Structural abnormalities in brains of migraine sufferers


Researchers from Harvard Medical School have found structural abnormalities in the brains of migraine sufferers which provide an anatomical basis for some of the visual disturbances experienced by people with the condition.

In PLoS Medicine, Granziera et al report on a study which uses hi-resolution functional magnetic resonance imaging (fMRI) to show that the thickness of two regions of visual cortex, MT+ and V3A, are significantly thicker in migraine sufferers than in healthy people.

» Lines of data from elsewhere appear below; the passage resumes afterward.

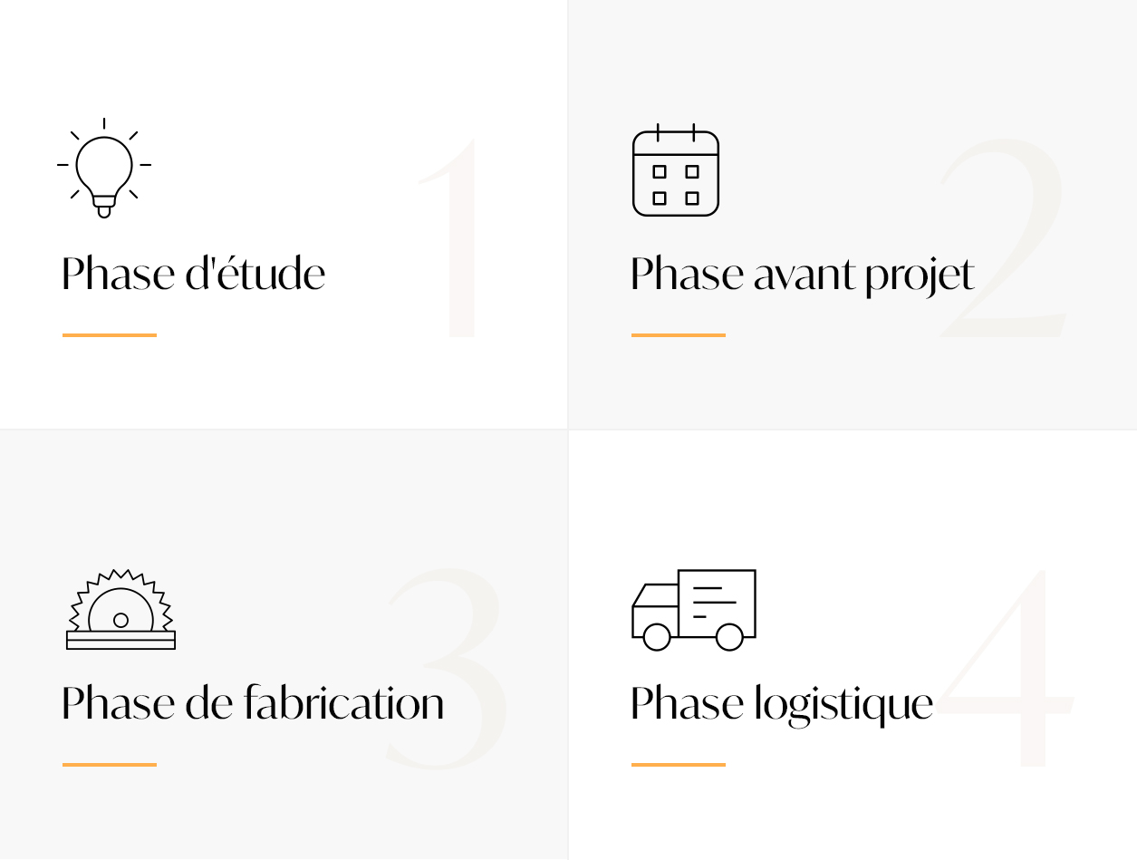 From the designer's first draft to the complete installation of your premises, we put at your disposal our experience, our tools, our resources and our creativity to listen to your every need.
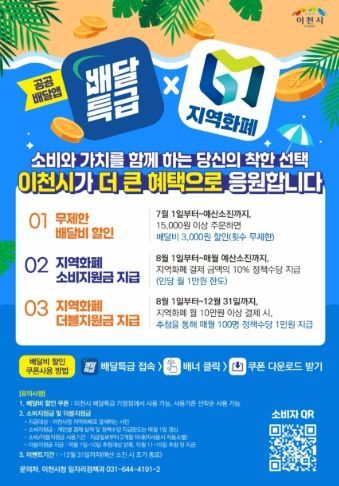 김경희 시장은 “이번 소비자 혜택 확대가 지역 소상공인의 실질적 매출 증대와 공공배달앱 활성화에 긍정적 영향을 줄 것으로 기대한다”라며 “앞으로도 이천시는 지역경제와 상생하는 소비문화 확산을 위해 노력하겠다”라고 말했다.
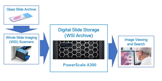 「PowerScale」導入以前の環境では、デジタル病理画像向けストレージ基盤の改善が必要でした。がんの病理診断は、患者から採取した細胞や組織から標本(スライド ガラス)を作成し、顕微鏡で観察する方法で行われています。これに対して、現在では、標本をデジタル化した画像で病理診断(パソロジー)を行うことも可能になっています。しかしながら、病理診断をデジタルで行う「デジタル パソロジー」に取り組んでいたものの、オンライン ストレージがそのボトルネックになっていました。生検であればスライド ガラス1枚分で数GB、手術中の検体では10GB超のデータが十数枚作成される場合もあります。しかも、病理診断の依頼件数は年間で平均約4万件もあるため、毎月約40TBずつデータが増えていくような状況でした。同病院の以前のストレージ環境では、この増え続ける大容量データをすべて受け止めることができませんでした。さらに、ストレージにデータが入り切らないことから、診断が終わったデータは、一定期間が経過した後に毎日テープ ライブラリー装置へ退避させており、過去データを再度参照する必要が生じた場合には、その都度テープからデータを戻さなくてはなりませんでした。
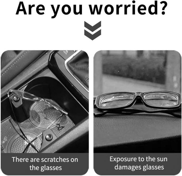IDEAL HOME FOR GLASSES: If your car is equipped with sunglasses for a long time, you will find that it looks unsafe or convenient in any position of the car. As the car continues to hit and drive, the surface of the beautiful mirror will also be scratched by objects. Therefore, it is very necessary to prepare a «protective case» for your sunglasses that is within your reach!
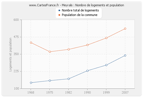 La population de Meyrals était de 536 habitants en 2007, 468 habitants en 1999, 417 habitants en 1990, 385 habitants en 1982, 368 habitants en 1975 et 434 habitants en 1968. Parallèlement, le nombre de logements de Meyrals était de 341 en 2007, 271 en 1999, 230 en 1990, 171 en 1982, 158 en 1975 et 143 en 1968.
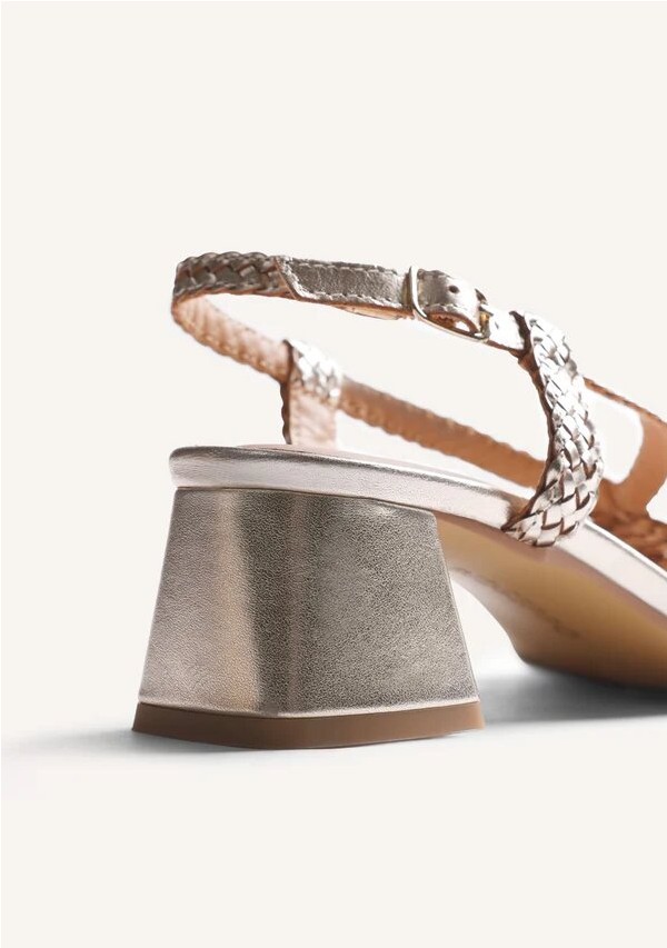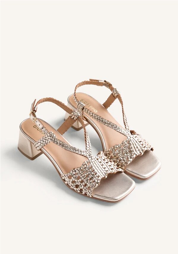 SANDALIAS BLISSFIELD GIOSEPPO 79234. Sandalias de piel trenzada a mano con acabado metalizado. Tacón tipo bloque. Cuentan con planta acolchada y cierres ajustables en el tobillo. Altura tacón: 4,5 cm.
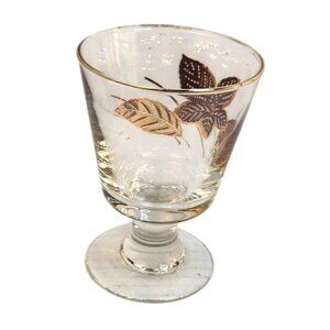 This elegant vintage cordial glass features a sophisticated gold leaf design, adding a touch of class to any collection or table setting. Its footed base provides stability and a touch of nostalgia, making it suitable for both display and use.
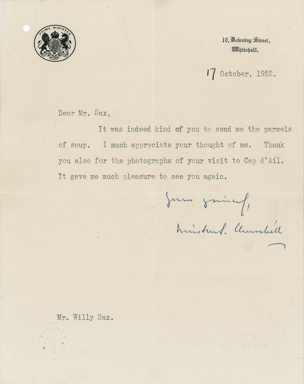 TLS signed “Winston S. Churchill,” one page, 7.5 x 9.5, Prime Minister letterhead, October 17, 1952. Letter to to Willy Sax, in Zurich, Switzerland. In full: “It was indeed kind of you to send me the parcels of soup. I much appreciate your thought of me. Thank you also for the photographs of your visit to Cap d'Ail. It gave me much pleasure to see you again.” In fine condition, with central horizontal and vertical mailing fold, light mirroring of letterhead at bottom, and a punch hole to top left. Accompanied by the original mailing envelope. Pre-certified John Reznikoff/PSA/DNA and RRAuction COA.
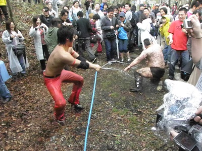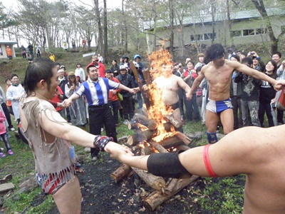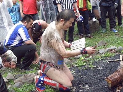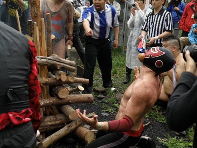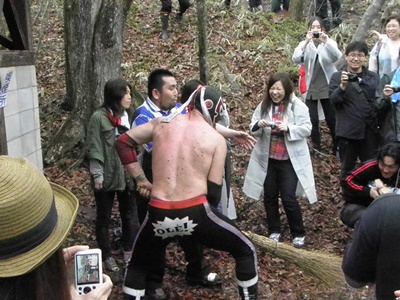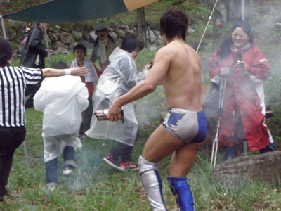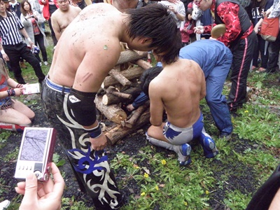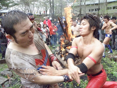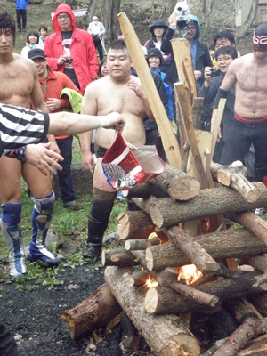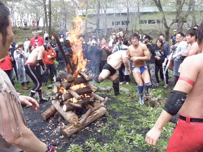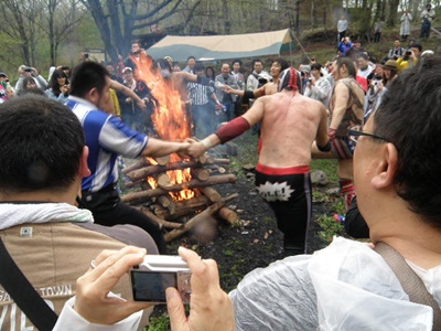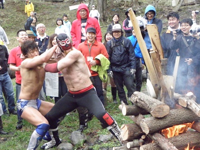 木曽レフェリーがパトリオットマスクを燃やそうとする(右写真)。レフェリーも次第に壊れつつある狂乱の自然学校プロレス。
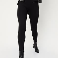 Make a classy outfit by wearing this pair of jeggings. It comes with a solid surface, front zipper detail, an elasticated waistline, and a full-length construction. It can be paired with a top and boots to make a complete look.
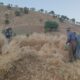 Traktörle gidilemeyen tarlalardaki buğdaylar orakla biçiliyor

The study also revealed anatomical alterations in the superior colliculus (SC) and lateral geniculate nucleus (LGN), two subcortical regions in the visual pathway. MT+ and V3A are involved in motion processing, and the SC and LGN are also involved in various aspects of visual processing.

Migraine is a widespread disorder, affecting an estimated 6-8% of men and 15-25% of women, but its causes are a mystery. A migraine is an intense and disabling headache, which is experienced periodically and is often accompanied by nausea and hypersensitivity to light and sound. It has been suggested that behavioural, environmental, dietary or hormonal triggers can lead to the development of a migraine. Between 20-30% of migraine sufferers also experience aura, or visual disturbances such as the perception of flashing lights or zig-zags. These phenomena normally appear gradually over 5-20 minutes, and precede a migraine.

The theory that migraines are caused by abnormalities in cerebral blood flow has now been discredited, and current thinking has it that cortical spreading depression (CSD) is responsible for the condition. In CSD, a slow, self-propagating wave of depolarization inhibits activity first in the source cortical area then in adjacent ones. In theory, this results in the release of inflammatory mediators which irritate the roots of the cranial nerves (particularly the trigeminal nerve).

The anatomical differences found by Granziera and her colleagues were observed in patients who suffer from migraines with aura and in those who suffer from migraine without aura, providing some evidence for a common pathophysiology for both types. The findings contradict the assumption that migraine is caused by abnormal brain function without underlying changes in structure; give weight to previous suggestions that the V3A region is a source of CSD in migraine; and may also provide clinicians with a non-invasive marker for migraine.